Der Grundsatz der Subsidiarität ist in Artikel 5 des Vertrags über die Europäische Union definiert. Er besagt, dass Entscheidungen auf einer möglichst bürgernahen Ebene zu treffen sind, wobei zu prüfen ist, ob ein Vorgehen der EU angesichts der nationalen, regionalen oder lokalen Handlungsmöglichkeiten wirklich gerechtfertigt ist. In den Bereichen, die nicht in ihre ausschließliche Zuständigkeit fallen, handelt die Union also nur dann, wenn ihre Maßnahmen wirksamer sind als nationale, regionale oder lokale Maßnahmen. Mit der Subsidiarität gekoppelt ist der Grundsatz der Verhältnismäßigkeit, d. h., die Maßnahmen der Union dürfen nicht über das zur Verwirklichung der Ziele der Verträge notwendige Maß hinausgehen.

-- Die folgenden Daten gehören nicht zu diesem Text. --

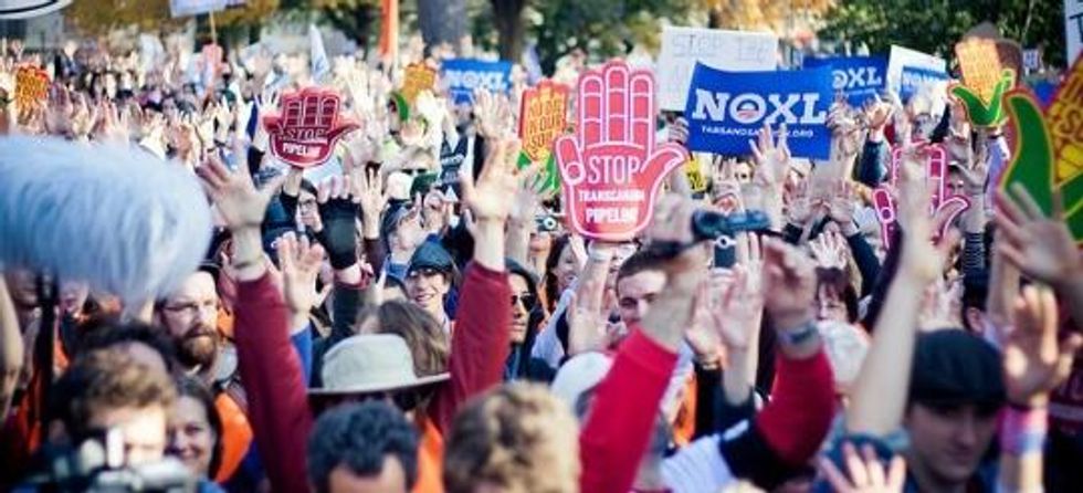 There's a new sense of momentum in the campaign against Keystone XL. We pressed the button on an email announcing today's protest a few minutes after the networks called the election for President Obama. In just 10 days, thousands of people have signed up to come to the capitol. Volunteers have helped organize buses from New York City, Philadelphia, Michigan, and Ohio.

Auf der Tagung in Edinburgh im Dezember 1992 hat der Europäische Rat eine Erklärung über das Subsidiaritätsprinzip angenommen, in der dessen Anwendung geregelt wird. Der Vertrag von Amsterdam hat diesen Ansatz aus der Erklärung in ein Protokoll über die Anwendung der Grundsätze der Subsidiarität und Verhältnismäßigkeit übernommen. Seit Inkrafttreten des Vertrags von Lissabon am 1. Dezember 2009 verlangt das Protokoll, dass der Grundsatz der Subsidiarität in allen Entwürfen von Rechtsakten eingehalten wird. Die nationalen Parlamente können einen Vorschlag ablehnen, wenn er dieses Prinzip verletzt. Daraufhin kann der Vorschlag von der Kommission beibehalten, abgeändert oder zurückgezogen sowie vom Europäischen Parlament oder dem Rat blockiert werden. Sollte der Grundsatz der Subsidiarität verletzt werden, kann der Ausschuss der Regionen den Gerichtshof der Europäischen Union anrufen.